The Church Calendar reinforces this perception. The secular New Year takes place within the Christmas Festival, on the eighth day of twelve, and this feast with its strong evocation of family and the past takes us back in time. But the logic of the Christian Calendar always moves us forward toward Easter; even in the Christmas Season we’re mindful that with the birth of the Savior we have simply begun a forward progression that will take us all the way to the climax of the story, Jesus’ death and resurrection which still lies ahead for us in the telling.

Our Gospel gives us a unique glimpse into that forward progression, with its rare story of Jesus between his birth and circumcision and the beginning of his public ministry. These are what are sometimes called “the hidden years” of his life, when he grew to maturity but before he began to preach and heal. So the twelve year old Jesus goes with his family to Jerusalem, but then makes his own way to the Temple, to his Father’s house. The visit prefigures the work that Jesus is called to do, to be about his Father’s business. He’s in the midst of the teachers, listening and questioning. Mary and Joseph don’t understand, but how could they? What was to come was hidden from them, though as the Gospel writer Luke shows us Jesus himself was conscious of his calling.

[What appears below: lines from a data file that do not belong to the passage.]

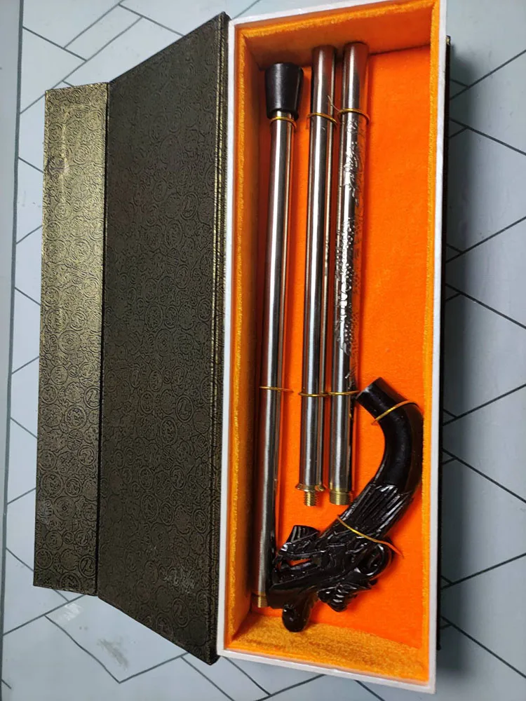 Bastón para caminar de titanio para senderismo al aire libre, muleta para caminar, mango de cuerno de vaca, puede plegar, 3 secciones
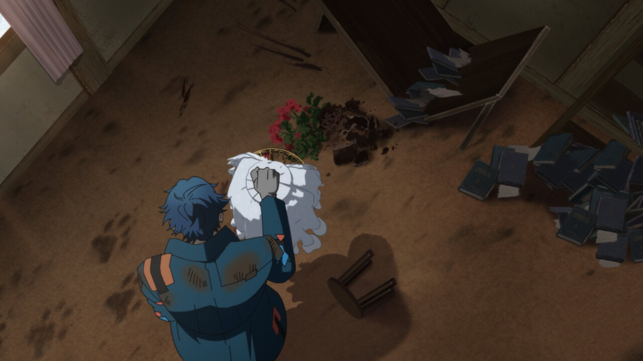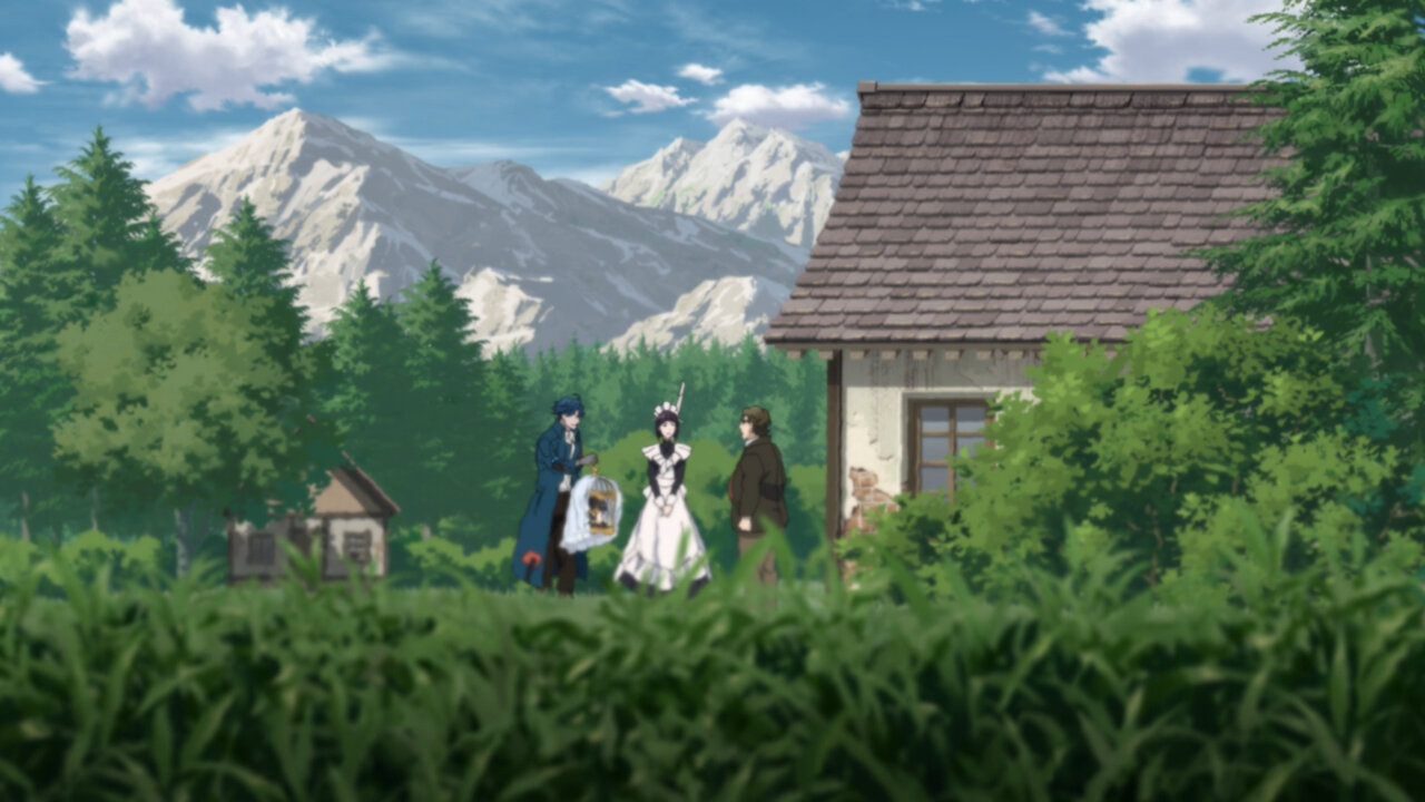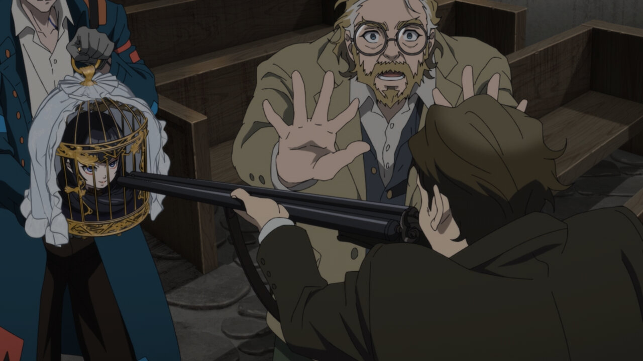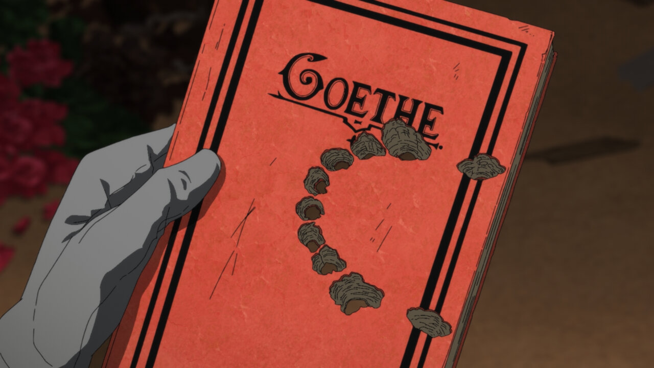 It was kind of matter of course that the bite-mark evidence was a copy of Goethe- I was starting to wonder when some reference to that would show up. The bite marks on Tsugaru’s handkerchief and the ones on the book matched, suggesting the same culprit more than a copycat, though I’d be skeptical of that until I saw the actual teeth. Whereas the family hyper focuses on the bitemarks, a potential clue that gets suspiciously brushed off is the rifle that went missing around the time that the supposed werewolf attacks began. We witnessed an “Oh shit” moment when the old guy tried passing off the werewolves’ location as someplace completely different from the “Forest of Fangs”, only to find out his BS wouldn’t stick- something smells here and it isn’t the werewolves (or is it?). I have a hunch the gang is a lot closer to the werewolf town than the people living there would have them believe.
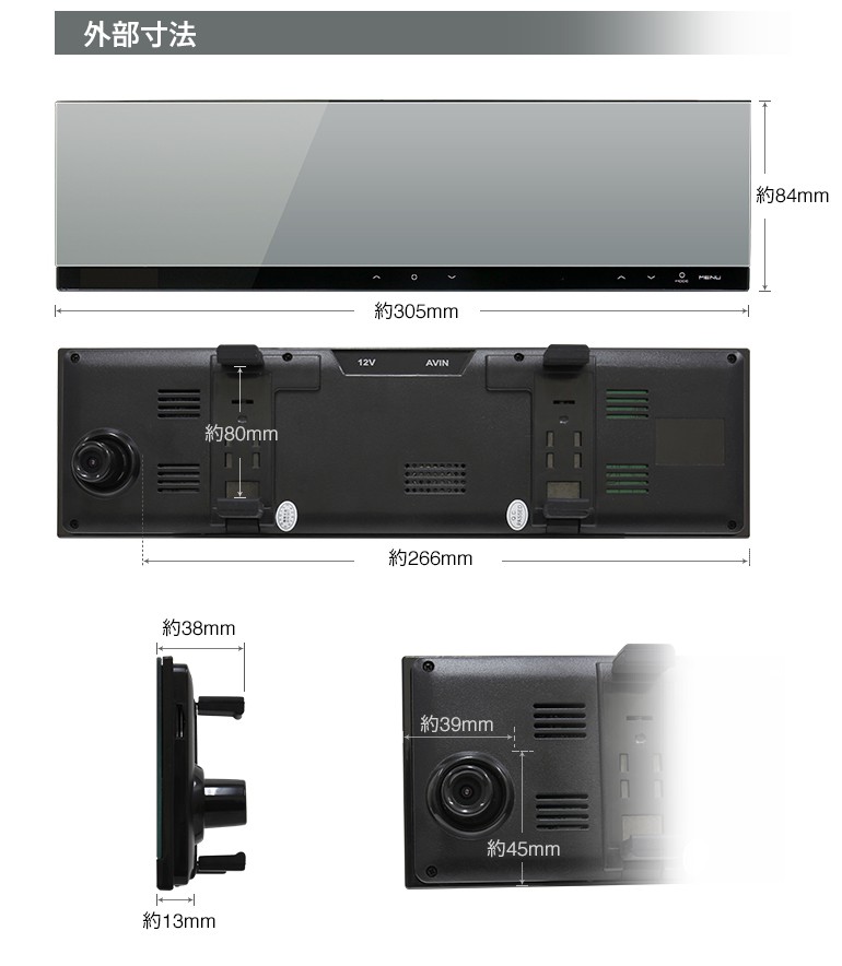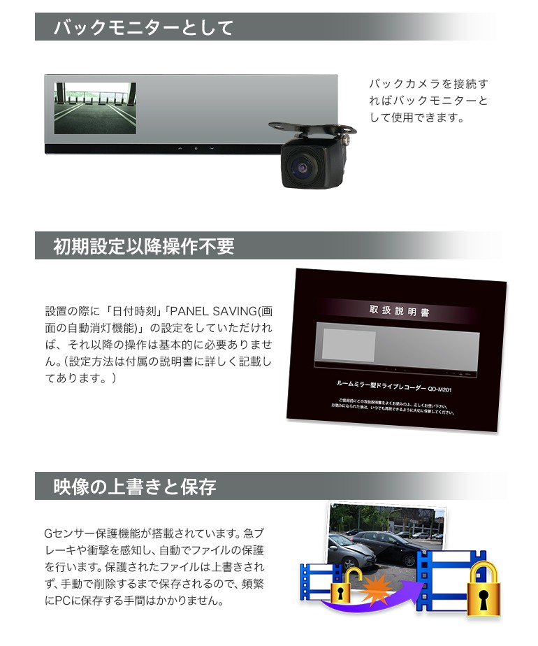 | 商品名 | ルームミラー型 ドライブレコーダー QD-M201 |
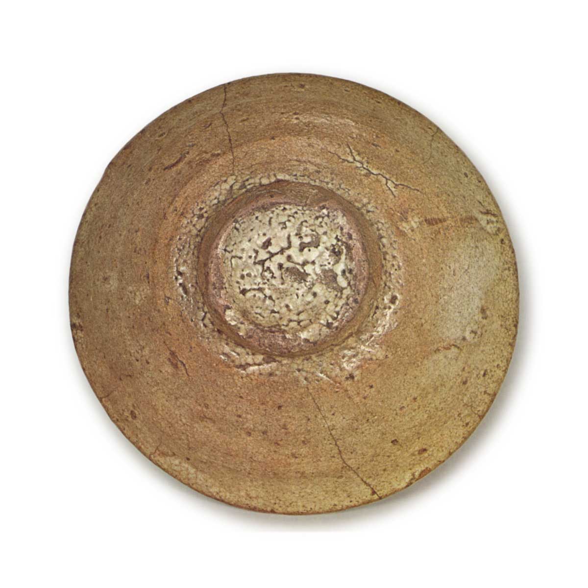 高台旁和高台内,如往常般出现开裂纹,但由于削切较浅,并未形成特别突出的纹理。底部中央沉陷形成涡旋状的茶色凹槽,四周环绕着四个红黑色的纹路。内壁釉面部分呈现蛇蝎状的扭曲纹理,其中夹杂着红黑色的斑点,更增添了几分趣味。
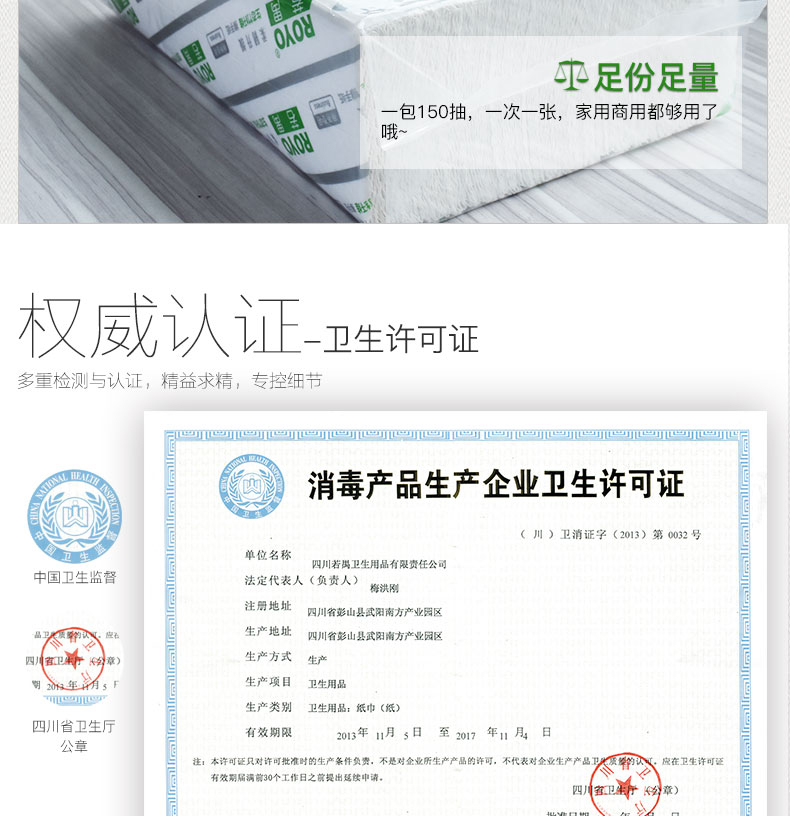 包裝數(shù)量 : 150抽/包 20包/箱
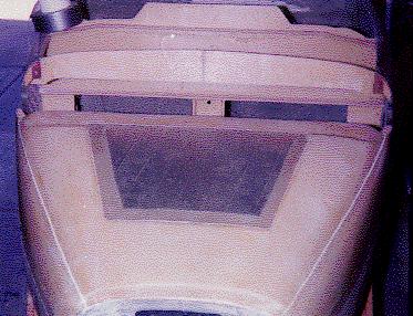 The nose bottoms are cut to size from 2-in thick urethane foam and bonded to NG-30, F-22 and F-0. After cure, the inside bottom pieces are glassed with BID. The nose sides are cut from 2-in thick urethane foam to size and dished out for the correct internal contour and glassed on the inside surfaces with a couple of inches of glass overhanging. While still wet they are laid on the nose bottom and the overhang is wet out onto the bottom pieces and allowed to cure.
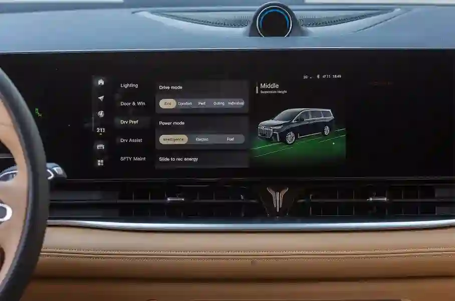 Отсюда можно регулировать климат-контроль (в том числе на втором ряду), управлять музыкой, навигацией и настройками сидений, смотреть видео (как с внешнего носителя, так и из Сети), включать внутрисалонную камеру и делать селфи, а также, если бы мы находились в Китае, даже бронировать гостиницы и заказывать еду на вынос.
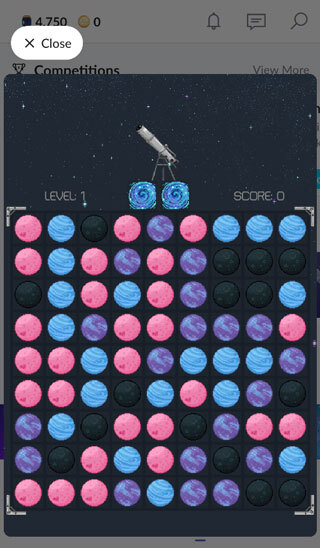 2、中间区域的小游戏能获取星尘,我个人更推荐2048和星球消消乐这两款。消消乐这游戏,要是一局没通过就给100星尘,通过了则能拿到300星尘,这两个小游戏相对来说更容易攒星尘。
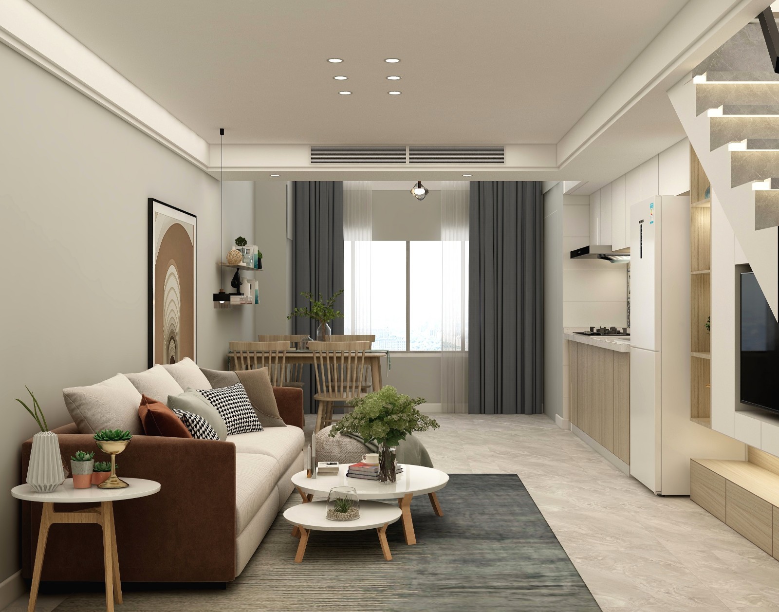 客厅利用钢结构间隙做无主灯设计,以筒灯 射灯 二层吊灯 灯带相辅相成,客厅做中央空调,根据空调整***置做边吊和双眼皮吊顶。

Luke covers all the rest of this hidden period with just a few words. First, he tells us that Jesus “increased” or “progressed”, the only time this word appears in any of the Gospels. In other words, it’s a time of transition for Jesus himself, and we can see the Son of God moving through time as we human beings do, from his earthly origin to the culmination of his life in time and history. This Jesus, fully divine and fully human, knows what it’s like to tear off another page of the calendar and to peer into the future.

Then there are three words which describe the transition of these hidden years. First, “wisdom”: something the ancient Hebrews valued highly, a practical notion in its origins, the ability to get things done, to live (practically speaking) in accordance with God’s will. So Jesus progresses in this wisdom, foreshadowed by his encounter with the teachers in the Temple. Second, Jesus grows physically in stature and in the progress of years; in other words, he matures as any human being does, comes to be what he was not before as a human being. He was a boy, but he became a man. Third, “favor”, with God and human beings. “Favor” is “grace”, which locates the giver of the gift as God; but it’s a grace and favor that is evident to those around him, manifest progressively in his human life.

In this time of transition, at the beginning of the New Year as we look both backwards and forwards, we ought to learn from the Master. The significance of our lives may be hidden from us, but those lives can still be examined fo0r signs of growth and developing discipleship. St Peter tells us that we need “to grow in the grace and knowledge of our Lord and Savior Jesus Christ” (2 Pet. 3:18), so we should count on growing: in wisdom, in maturity, in grace and favor. Each of us is called to conform to the example of Jesus Christ. Simply coming to this altar, to share this meal with the Lord, is a means by which we grow and progress in the way of grace. It’s “a means of grace”, after all, a sharing in the life of Christ. As we move ahead in this New Year, we will come to share more fully in his dying and rising again, through God’s grace, so that his life which conquers death may be visible in us.